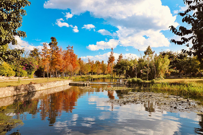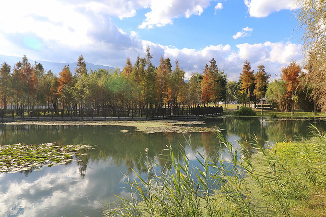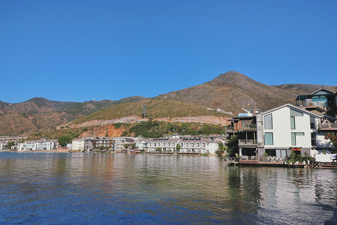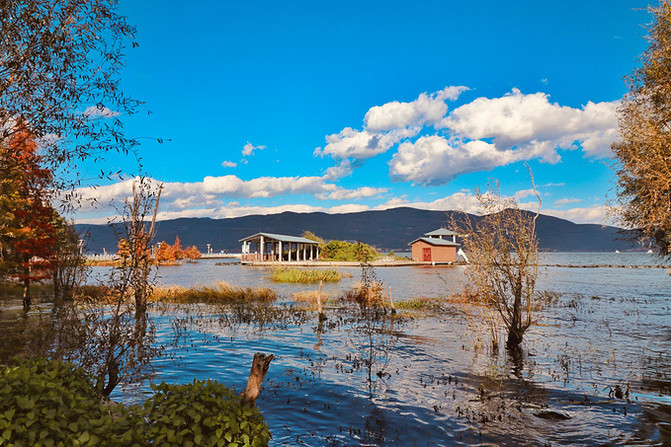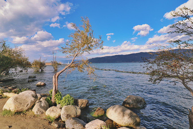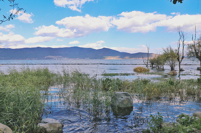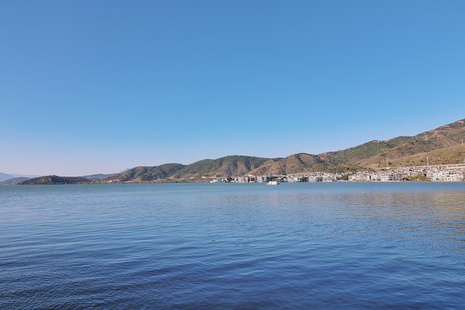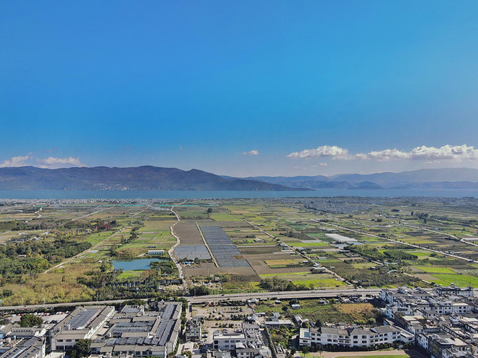 从空中往下看,洱海没台风没有龙卷风,偶尔点小风小浪,但洱海依然很温柔,宛如新月,静静依卧在苍山和大理坝子之间。高低不平的波浪,有秩序地往前走,树儿的倒影在水面浮着,水小禽停歇着,再加上万缕阳光投射下来,形成美丽的山水画,怎么不让人留恋呢?
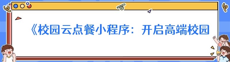 《校园云点餐小程序:开启高端校园餐饮新体验》
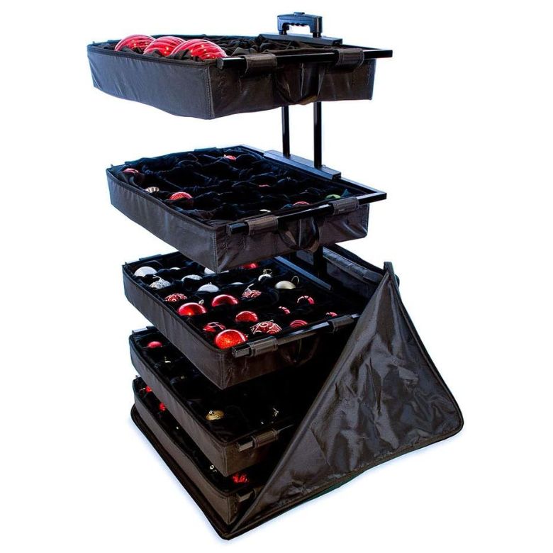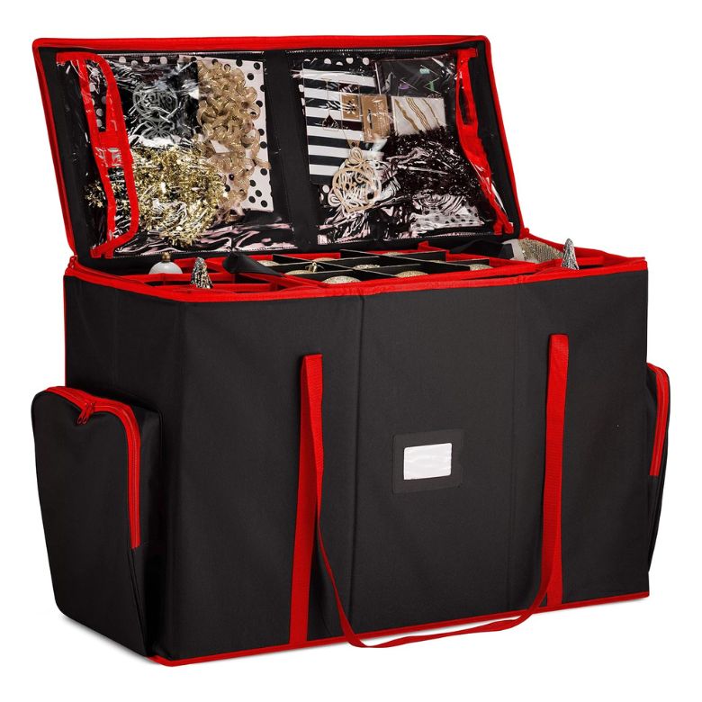 This spacious bag holds up to 72 four-inch ornaments, with removable, acid-free trays to keep them all safe and sound. It also features a handy top pocket with adjustable dividers that’s perfect for taller decorations like nutcrackers or nativity scenes. Best of all, its stackable design saves space while keeping everything organized and ready for next year’s festivities.
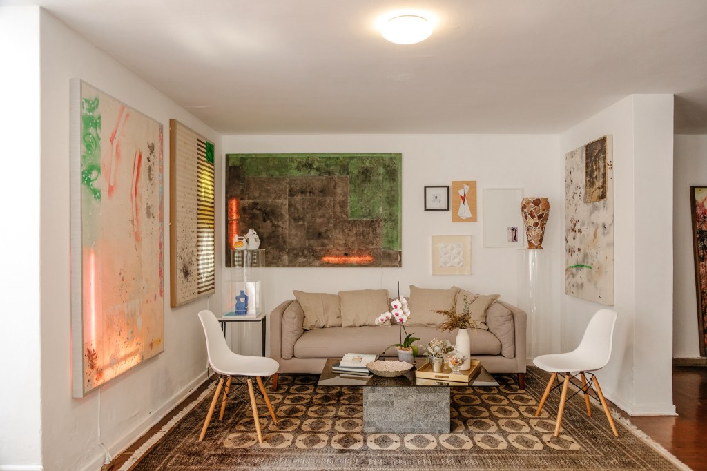 Al final del día, cuando se encuentran nuevamente, comparten en el pequeño estar del segundo piso, donde ven tele y se relajan un rato antes de ir a dormir. Si les provoca tomar una copa, prefieren la sala principal, en la que pueden simplemente conversar y contemplar la forma que ha ido tomando su casa. “Ignacio es el ‘máster’ de las paredes”, reflexiona Uchi mientras mira uno de los cuadros retroiluminados de la sala. Él se encarga del arte, ya que este es, además de su casa, un espacio de exposición de su propia obra, así como la de artistas amigos.
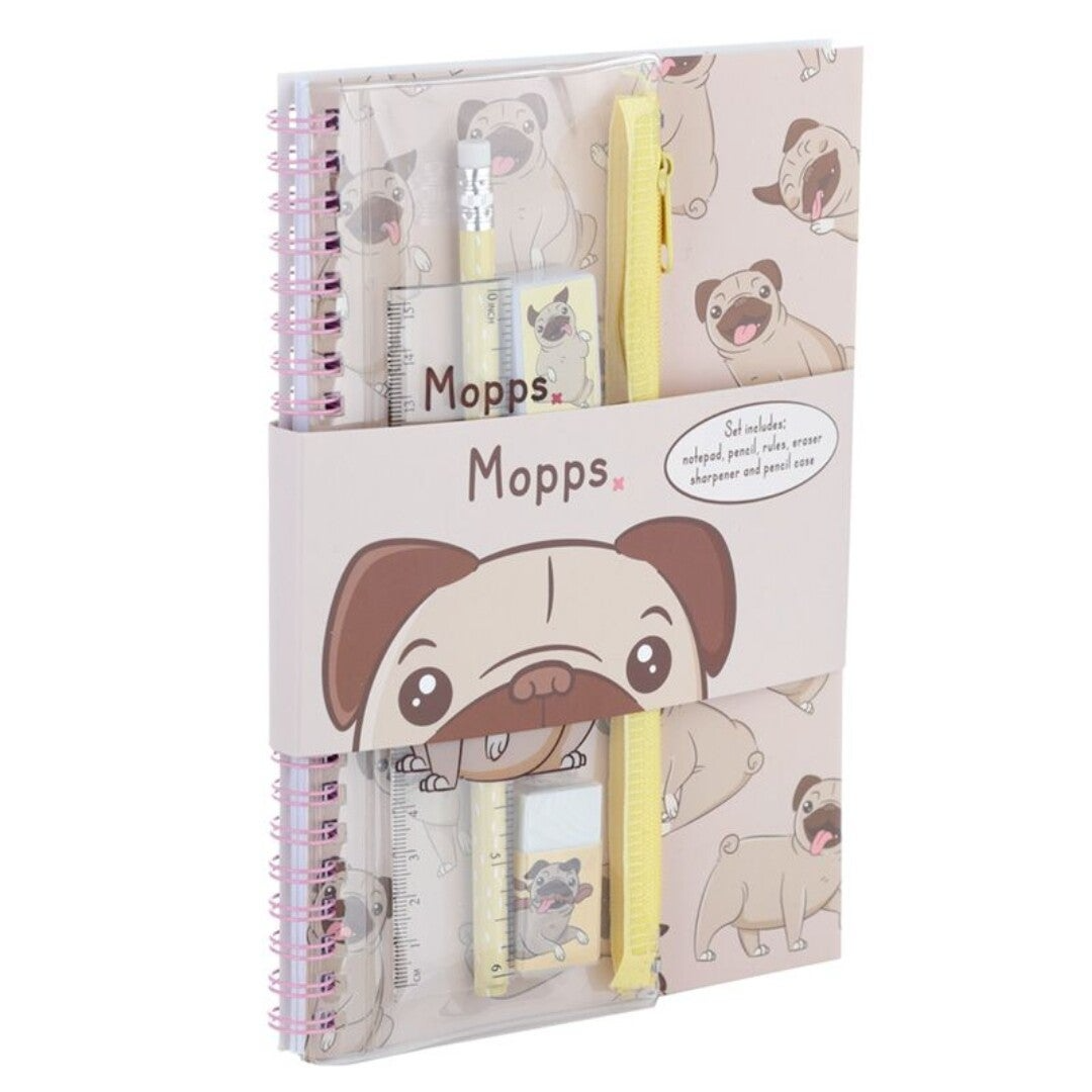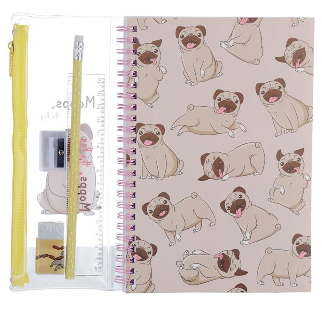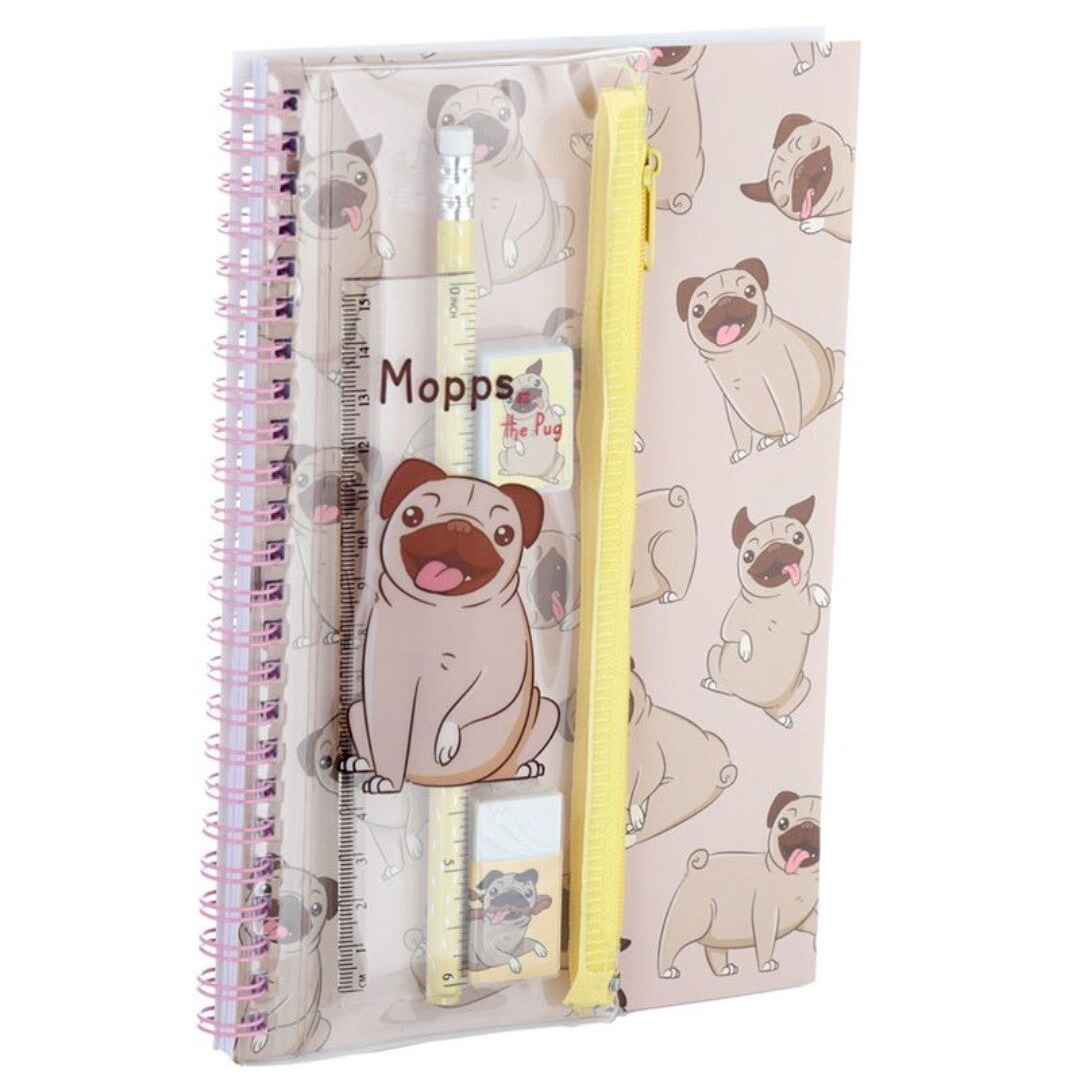 Spiraal gebonden A5 notitieboekje & 6-delige schrijfset. De set bestaat uit een gelinieerd boekje, een gummetje, een liniaal, een slijper, een potlood en een etui.
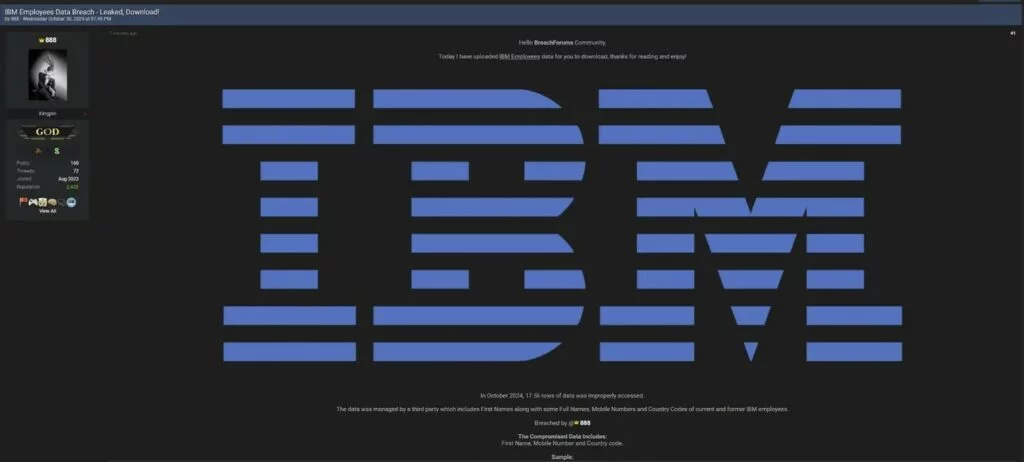 Recentemente, il noto Threat Actor, identificato con il nickname 888, ha affermato di aver violato i sistemi di IBM e di aver sottratto dati personali appartenenti ai dipendenti dell’azienda. La fuga di notizie, datata ottobre 2024, avrebbe portato alla compromissione di circa 17.500 righe di dati.
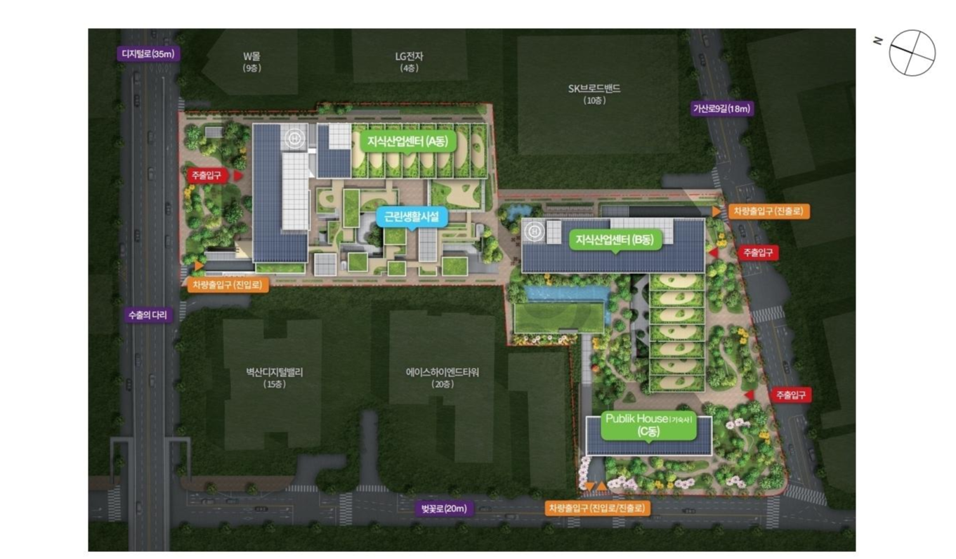 가산퍼블릭은 지하5층부터 지상27층 3개동으로 연면적 7만8천평의 규모로 서울에서 최대 규모를 자랑하고 있습니다.
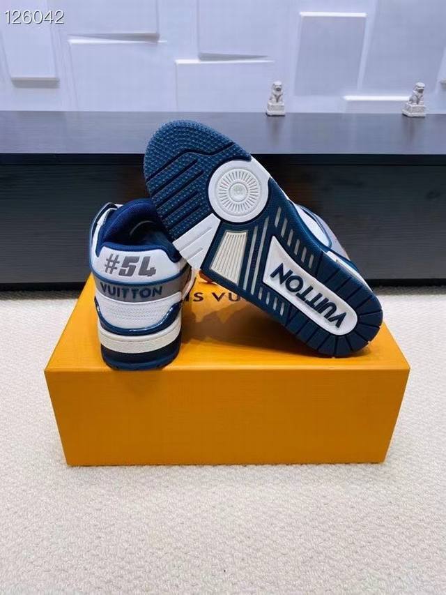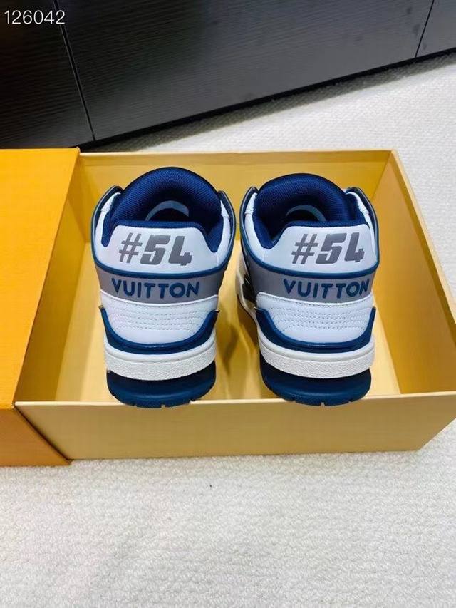 采用头层牛皮制成,进口定制专用印花牛仔布包裹,粗鞋带系带设计,侧面带 Monogram 大印花, 鞋舌及后跟”Lv 54“徽章点缀,橡胶外底饰有 Monog
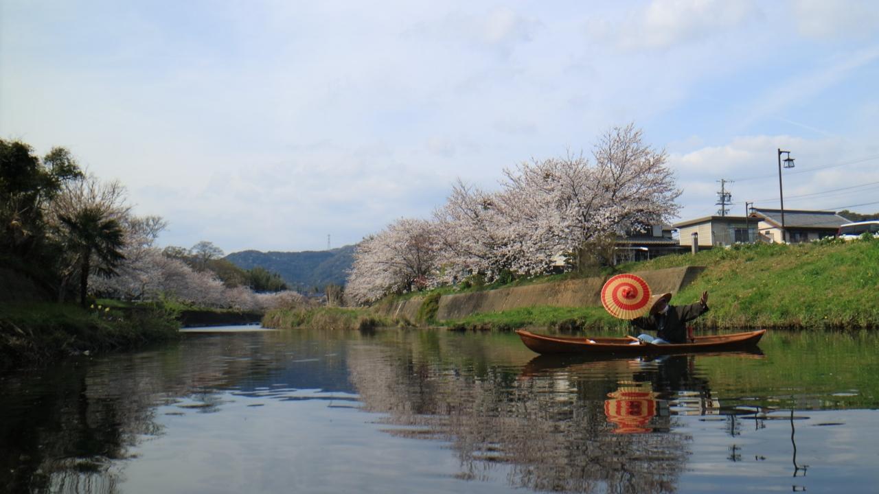 岡崎城の少し東にある竜美会館の河津桜で和船を漕いできました

◇ ◇ ◇ ◇

From the line containing "Recentemente, il noto" down to the final line of the listing above, write out only those lines exactly as they are, minus the pictures.

 Recentemente, il noto Threat Actor, identificato con il nickname 888, ha affermato di aver violato i sistemi di IBM e di aver sottratto dati personali appartenenti ai dipendenti dell’azienda. La fuga di notizie, datata ottobre 2024, avrebbe portato alla compromissione di circa 17.500 righe di dati.
 가산퍼블릭은 지하5층부터 지상27층 3개동으로 연면적 7만8천평의 규모로 서울에서 최대 규모를 자랑하고 있습니다.
 采用头层牛皮制成,进口定制专用印花牛仔布包裹,粗鞋带系带设计,侧面带 Monogram 大印花, 鞋舌及后跟”Lv 54“徽章点缀,橡胶外底饰有 Monog
 岡崎城の少し東にある竜美会館の河津桜で和船を漕いできました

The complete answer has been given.